»»
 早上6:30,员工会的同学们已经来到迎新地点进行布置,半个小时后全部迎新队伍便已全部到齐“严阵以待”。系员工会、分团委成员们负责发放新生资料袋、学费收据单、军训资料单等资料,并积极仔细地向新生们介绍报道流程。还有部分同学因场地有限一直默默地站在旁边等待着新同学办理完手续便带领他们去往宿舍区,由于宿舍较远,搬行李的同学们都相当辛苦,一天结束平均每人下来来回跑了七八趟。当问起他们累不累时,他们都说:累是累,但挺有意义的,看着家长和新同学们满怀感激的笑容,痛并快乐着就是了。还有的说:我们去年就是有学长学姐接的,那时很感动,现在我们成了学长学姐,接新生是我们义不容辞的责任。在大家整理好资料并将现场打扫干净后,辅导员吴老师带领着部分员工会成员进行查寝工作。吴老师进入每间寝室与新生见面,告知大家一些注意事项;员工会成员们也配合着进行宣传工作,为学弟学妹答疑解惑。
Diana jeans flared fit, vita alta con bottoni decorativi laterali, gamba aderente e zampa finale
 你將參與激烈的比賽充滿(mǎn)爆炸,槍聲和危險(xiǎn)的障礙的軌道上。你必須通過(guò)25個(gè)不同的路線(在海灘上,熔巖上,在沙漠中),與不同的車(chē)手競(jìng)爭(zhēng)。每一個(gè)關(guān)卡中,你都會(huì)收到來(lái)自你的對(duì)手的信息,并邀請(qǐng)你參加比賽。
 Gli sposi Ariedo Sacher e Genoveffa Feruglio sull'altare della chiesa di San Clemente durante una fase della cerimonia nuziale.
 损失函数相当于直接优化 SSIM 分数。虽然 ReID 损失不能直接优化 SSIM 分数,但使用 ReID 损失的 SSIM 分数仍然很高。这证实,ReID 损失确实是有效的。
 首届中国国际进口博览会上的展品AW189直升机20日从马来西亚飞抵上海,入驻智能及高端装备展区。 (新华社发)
««
* ABOUT THIS EXERCISE
Everything in the listing needs to be duplicated exactly, line for line.

* OUTPUT OF THE EXERCISE
 早上6:30,员工会的同学们已经来到迎新地点进行布置,半个小时后全部迎新队伍便已全部到齐“严阵以待”。系员工会、分团委成员们负责发放新生资料袋、学费收据单、军训资料单等资料,并积极仔细地向新生们介绍报道流程。还有部分同学因场地有限一直默默地站在旁边等待着新同学办理完手续便带领他们去往宿舍区,由于宿舍较远,搬行李的同学们都相当辛苦,一天结束平均每人下来来回跑了七八趟。当问起他们累不累时,他们都说:累是累,但挺有意义的,看着家长和新同学们满怀感激的笑容,痛并快乐着就是了。还有的说:我们去年就是有学长学姐接的,那时很感动,现在我们成了学长学姐,接新生是我们义不容辞的责任。在大家整理好资料并将现场打扫干净后,辅导员吴老师带领着部分员工会成员进行查寝工作。吴老师进入每间寝室与新生见面,告知大家一些注意事项;员工会成员们也配合着进行宣传工作,为学弟学妹答疑解惑。
Diana jeans flared fit, vita alta con bottoni decorativi laterali, gamba aderente e zampa finale
 你將參與激烈的比賽充滿(mǎn)爆炸,槍聲和危險(xiǎn)的障礙的軌道上。你必須通過(guò)25個(gè)不同的路線(在海灘上,熔巖上,在沙漠中),與不同的車(chē)手競(jìng)爭(zhēng)。每一個(gè)關(guān)卡中,你都會(huì)收到來(lái)自你的對(duì)手的信息,并邀請(qǐng)你參加比賽。
 Gli sposi Ariedo Sacher e Genoveffa Feruglio sull'altare della chiesa di San Clemente durante una fase della cerimonia nuziale.
 损失函数相当于直接优化 SSIM 分数。虽然 ReID 损失不能直接优化 SSIM 分数,但使用 ReID 损失的 SSIM 分数仍然很高。这证实,ReID 损失确实是有效的。
 首届中国国际进口博览会上的展品AW189直升机20日从马来西亚飞抵上海,入驻智能及高端装备展区。 (新华社发)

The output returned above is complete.